It’s been nearly a year since Monteith’s Crushed Apple Cider arrived on the market, refreshing Kiwi palates and invigorating a category that had been stagnant for many years.
But far from simply celebrating their success, or resting on their laurels, the Monteith’s brewers have been tinkering with recipes and working hard to perfect their next cider variant and cater for a growing demand for the historic drop which dates back to medieval times.
Their hard-work has paid off and Monteith’s Crushed Pear Cider is set to launch on 1st September 2010 in four-packs only, just in time for the summer months.
Monteith’s Crushed Pear Cider, like Crushed Apple cider doesn’t use concentrate to create it. Instead it’s made purely with sun ripened Nelson pears which are first crushed to release their juice, then directly fermented.

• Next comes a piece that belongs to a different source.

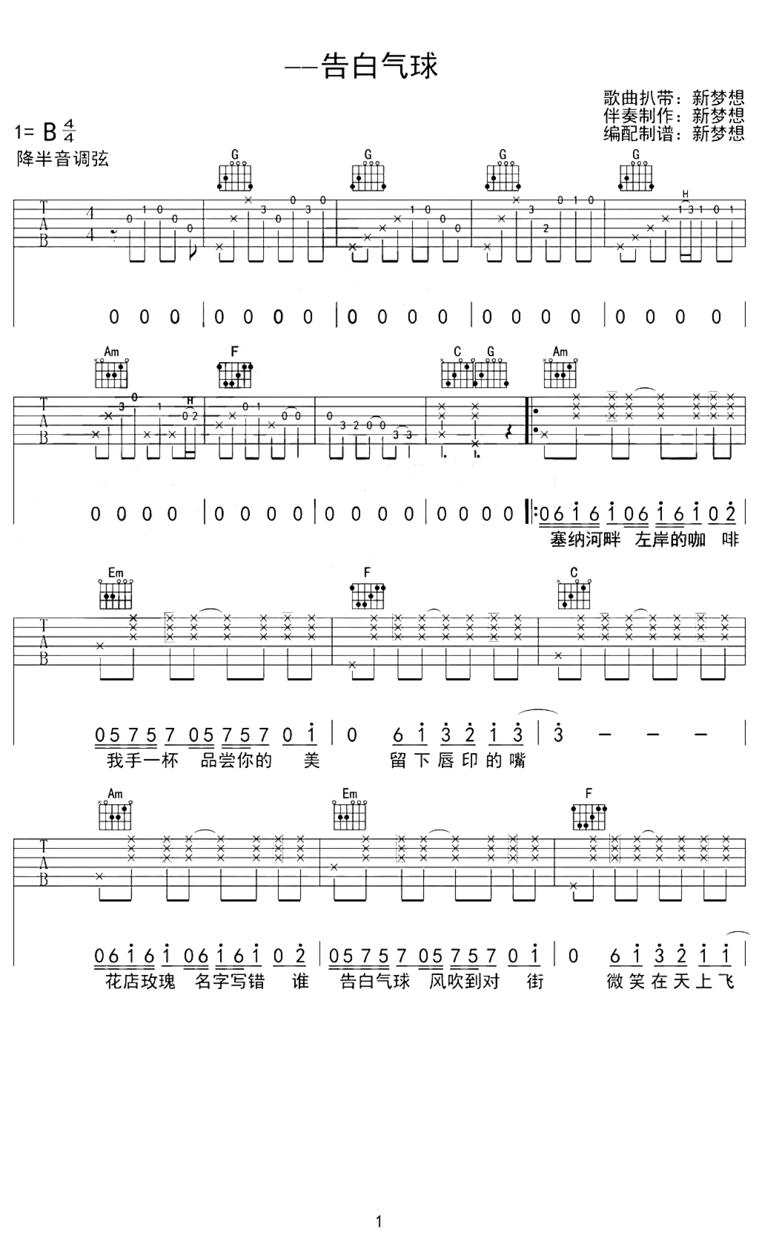 告白气球吉他谱 - 周杰伦 - 吉他弹唱谱

Because Monteith’s doesn’t use syrup concentrate, the end result is a lighter and truer cider And like its apple cousin, Monteith’s Crushed Pear Cider is best served over ice or enjoyed straight from the fridge.
Monteith’s marketing manager, Russell Browne says the recent growth in cider has been phenomenal given it wasn’t even a consideration for most people over a year ago.
“A year on, and thanks largely to Monteith’s Crushed Apple Cider, the image and appeal of cider has greatly improved to the extent it is now 1% of the total grocery alcohol value. In fact, our Monteith’s Crushed Apple Cider is now the most popular cider in New Zealand.
“International research shows cider sales are increasing year on in markets such as America, South Africa and Australia and we expect that to be the case in New Zealand thanks to innovations like ours including our new Monteith’s Crushed Pear Cider.”